When we talk about what we’ve built, we often use the familiar word “CRM” — a system for managing customer relationships. But that word is only an external view. Underneath it, we believe, lies a more general pattern that reaches beyond the customer relationship. CRM is, in fact, a special case of something larger.
The general pattern
This pattern has a few parts that together make a shared cognitive system. First, a semantic network that holds entities and the information about them. Second, an action layer that moves the work forward. Third, several cognitive roles that gather information, organise it, and decide when a matter advances to the next stage. Fourth, a human review loop that approves the proposals. And fifth, recorded reasoning: the trail of what each decision was based on.

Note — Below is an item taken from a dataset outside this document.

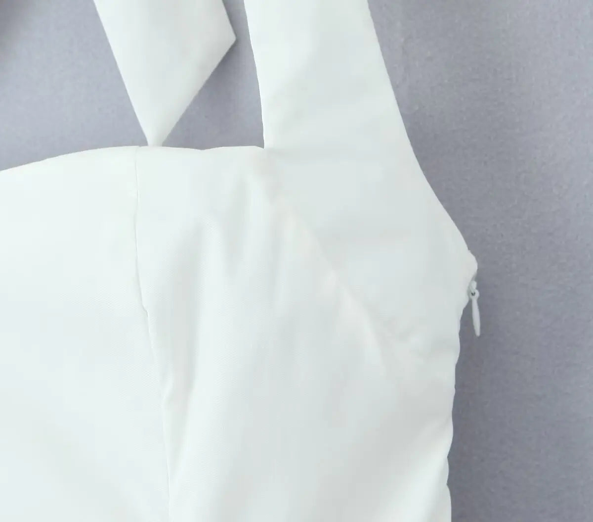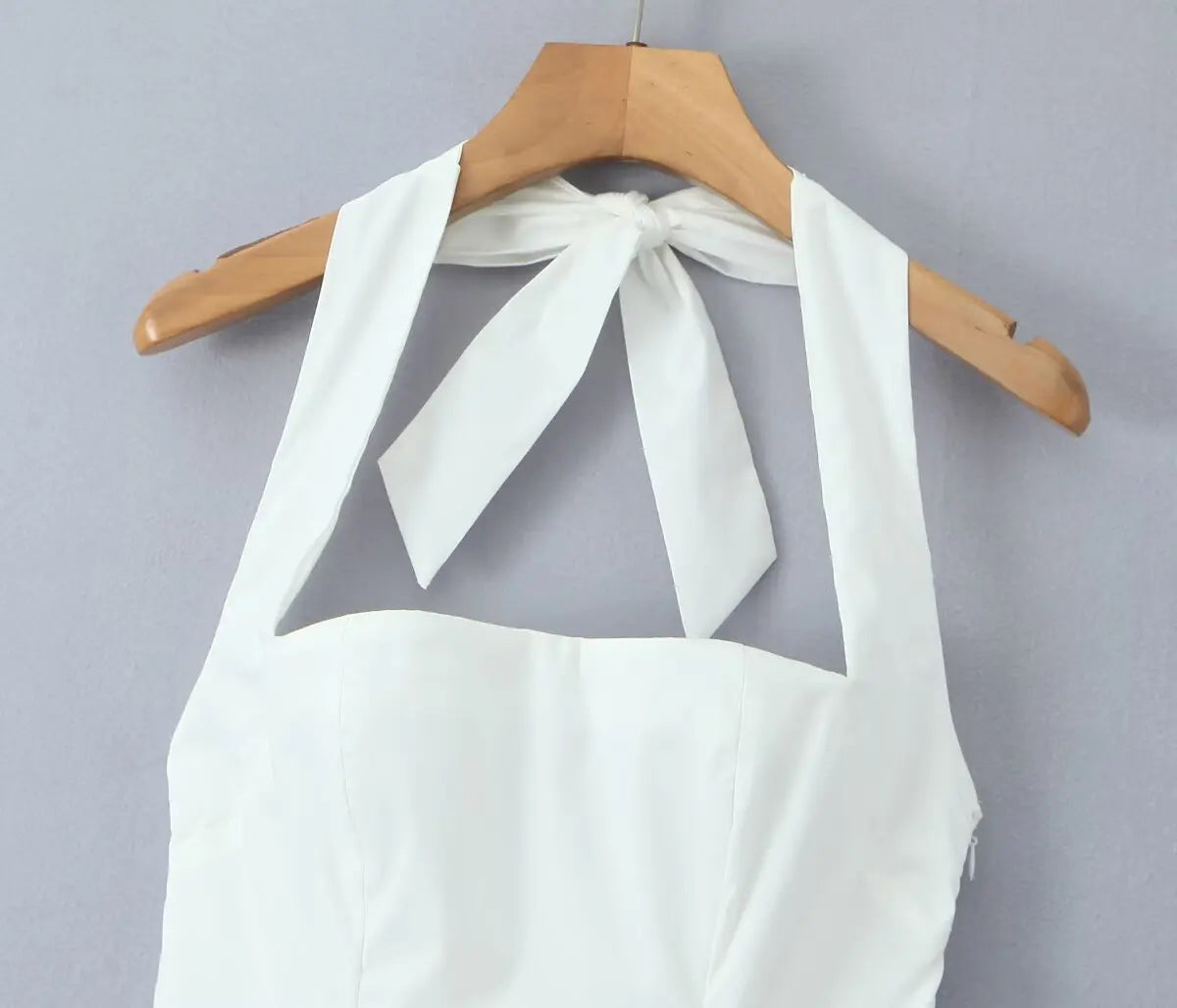 FSMG Sexy Solid Sleeveless Backless Halter Short Skirt Fashion Bow High Waist Slim A-line Dresses Summer Evening Party Vestidos

These five parts are a pattern that applies to any shared cognitive problem — wherever information has to be gathered, organised, and turned into action.
Why CRM is one instance
In the case of CRM, the “matter” the system tracks is a relationship: a relationship with rights and responsibilities that grows over time. The network’s edges encode the structure of this relationship. But the same pattern works elsewhere too, if you change the matter. If the matter is a case file, or a project, or anything else that evolves over time and needs information gathering and decisions — the same structure holds. CRM is just the case where the matter is a relationship.
Why this view matters
This view isn’t just a theoretical nicety; it shapes how we build. When you see a system not as “a CRM” but as “one instance of a general pattern,” you build it so that its parts are reusable. The semantic network, the cognitive roles, and the review loop aren’t tied to one particular domain. That means when you reach the next cognitive problem, you don’t have to start from scratch; you apply the same foundation to a new matter.
Putting it together
We don’t see CRM as an endpoint, but as the first application of a more general idea: a shared cognitive foundation for matters that grow over time. This view both helps us build something that reaches beyond a single application, and reminds us that behind every familiar word — like CRM — a larger pattern is sometimes hidden, one worth seeing.